As O’Neill and I sat and talked in a quiet basement cast in an unfortunate glow of overhead fluorescents, it was a little difficult to imagine how and why a dance gathering there would be such a success. “In the early days there were just a few of us,” says O’Neill, “but those were kind of the best of times; because of the nature of the event, it doesn’t really matter who else is here, just that it’s happening.” Because I had never attended one of these parties—and even though I personally love a dance floor—I still couldn’t quite understand what that meant; how the success of a social gathering might not be dependent on people actually attending. But then O’Neill told me about her first experience at a No Lights No Lycra gathering, and I understood it a little better.
It was six years ago in Melbourne, Australia, where O’Neill is from, and where the NLNL movement was started by her friends Alice Glenn and Heidi Barrett, both of whom are dancers. “They had been to a lot of classes and things, but never found anywhere where you could get pure release,” O’Neill tells me. “The first one I did was not even dark at all”—daylight savings had taken effect, and it was not in a basement—“but everyone was so used to it that they were dancing as though it were dark,” O’Neill explains. “And maybe like seven minutes in, I totally lost myself. After that, I thought I would really love this to be a part of my life back in Brooklyn.”
Today, in Melbourne, NLNL dance parties happen five days a week; in Sydney gatherings attract over 100 people.
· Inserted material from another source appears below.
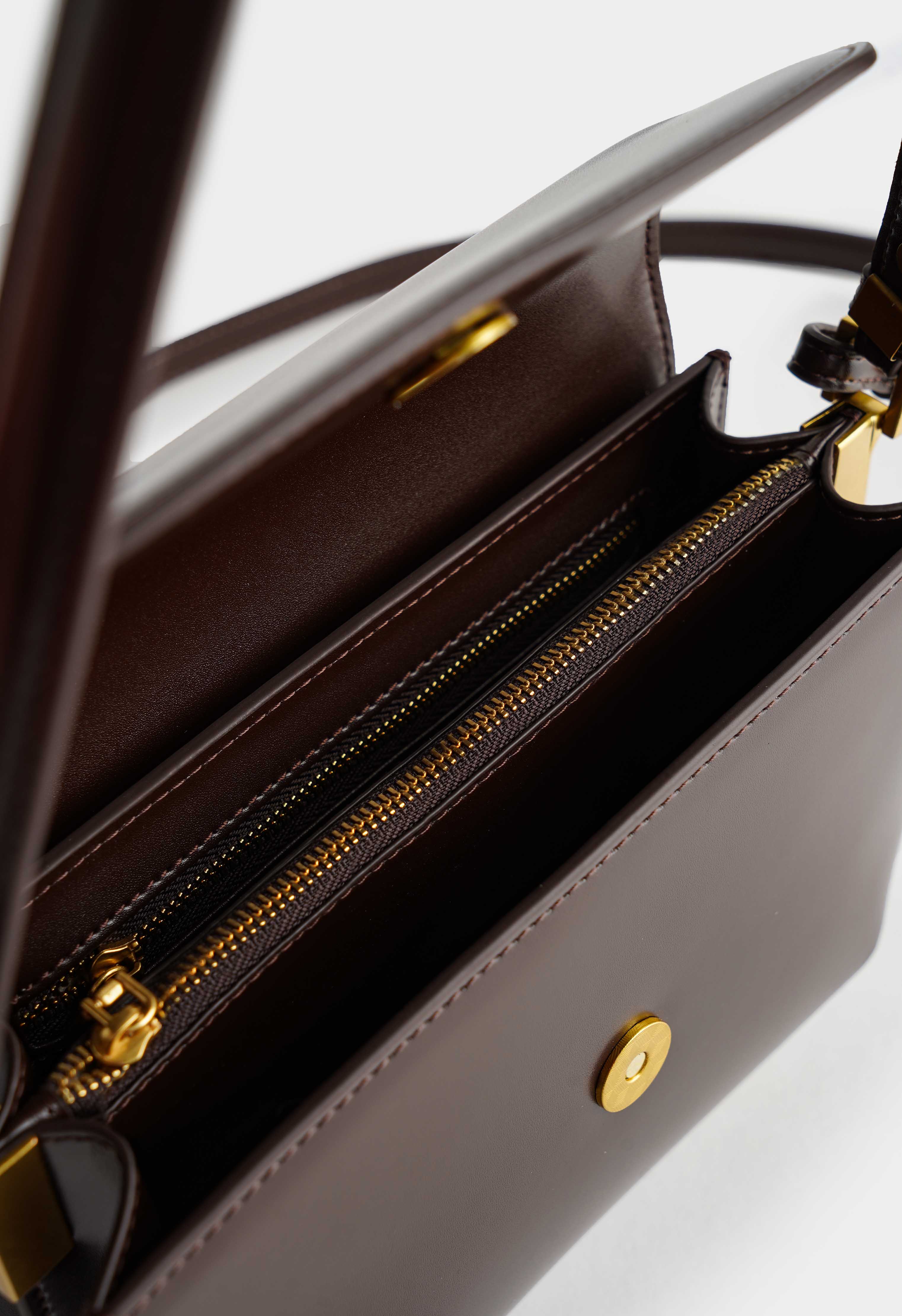 три отделения, одно на молнии, внутри — карман на молнии и открытый карман.

It’s spread to Europe, too, and now the weekly Greenpoint parties attract not just four people, but more like 40. And after hearing those magic words—pure release—I understood why it might hold such great appeal. Still, as O’Neill points out, the number one thing you might fear about a no-lights, booze- and drug-free dance party, done in the wrong spirit, is that it would manifest as a “dorky wedding.” I agreed.
So in order to find out why O’Neill’s NLNL parties were not dorky weddings but instead devoted gatherings of normal people who just wanna dance, I stayed and danced.
I wanted my first impression of the party to be in its fully and organically operating form, so I left and returned about three songs in. Sometimes I like to think about the world like I’m an alien, visiting humans for the first time. That was the mindset I’d turned to when I walked back inside. What I saw was fascinating.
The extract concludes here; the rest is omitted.